The premises in the original formula appear to be sound which leads to a logical conclusion that new initiatives are difficult to execute. The trouble is that this type of short term thinking is causing IT to be less and less relevant. It’s not proactive, it’s status quo.
If you can’t get to where you’re going go someplace else
Status quo is safe. Executives swear by it. I’ve seen many of them fall into its gravitational pull. Launching something out of it is difficult.
That’s why when you’re introducing a new initiative into the organization especially when it involves the terms “social” or “Enterprise 2.0” or even “innovation” you get resistance.
Like when you first presented your Enterprise 2.0 vision and the CIO gave you a glance like the visual equivalent of the words “are you insane?”
His response to your presentation was, “there’s a fine line between a vision and a hallucination.”
That’s when you decided to go to the VP of Sales to pilot the initiative. He was a risk taker, a rising star, someone who couldn’t afford to stand still. Sales velocity was slipping and he was open to trying a new solution. A solution that directly connects customers to his sales team and the rest of the company.
Strategy is 90% theoretical, while the other half is experience
The VP of Sales argument went something like this:
Companies purchase our solution to solve their problems, a lot of companies have the same problems, therefore finding new companies with similar problems will lead to increased purchases.

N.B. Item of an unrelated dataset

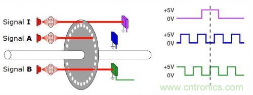 圖2a 光學(xué)編碼器標(biāo)準(zhǔn)A和B正交信號(hào)及索引信號(hào)
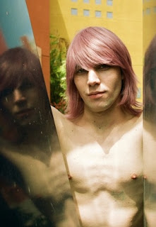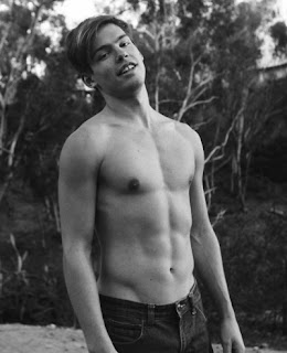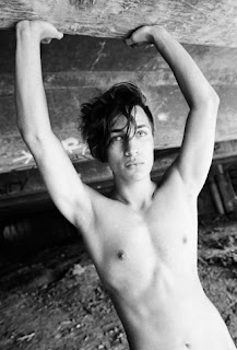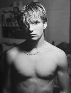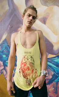 Reed is a more recent model, just 18, a skateboarder in vintage hip-huggers.

His premises and conclusion are also sound. Yet he concluded to move forward with your initiative. Which begs the question, how did the CIO and VP of Sales end up with entirely different conclusions considering they are in the same company?
It’s easy to observe that they are approaching the initiative differently. While their arguments both make sense, their experiences and circumstances lead to different conclusions. Multiply it across the enterprise, and it leads to conflict, confusion and chaos.
Hence strategy becomes contextual to an individual’s past and current experience and the tug of war between different departments produces little output.
Is the squeeze worth the juice?
So it’s up to you to decide whether to work with the VP of Sales or not. While not acting appears to be safe, it’s not going to advance your career and it’s not going to help the VP of Sales.
On the other hand, acting is fraught with danger. The CIO may sabotage you, your peers may ostracize you, the project might fail, and your children may starve (ok probably not the last one).
The best approach is to check the premises of all parties involved (including your own). Can each parties’ arguments being aligned to the corporate strategy?
Can you alleviate the CIO’s concerns by piloting the solution with a receptive business unit? Can you take sole responsibility for the success or failure of the initiative? Can you create and lead a change management plan?
Will the VP of Sales give you the proper support to be successful? If it fails, will he provide cover?
If you find alignment of interests with the parties involved then proceed.
If you can’t and still proceed, prepare three envelopes.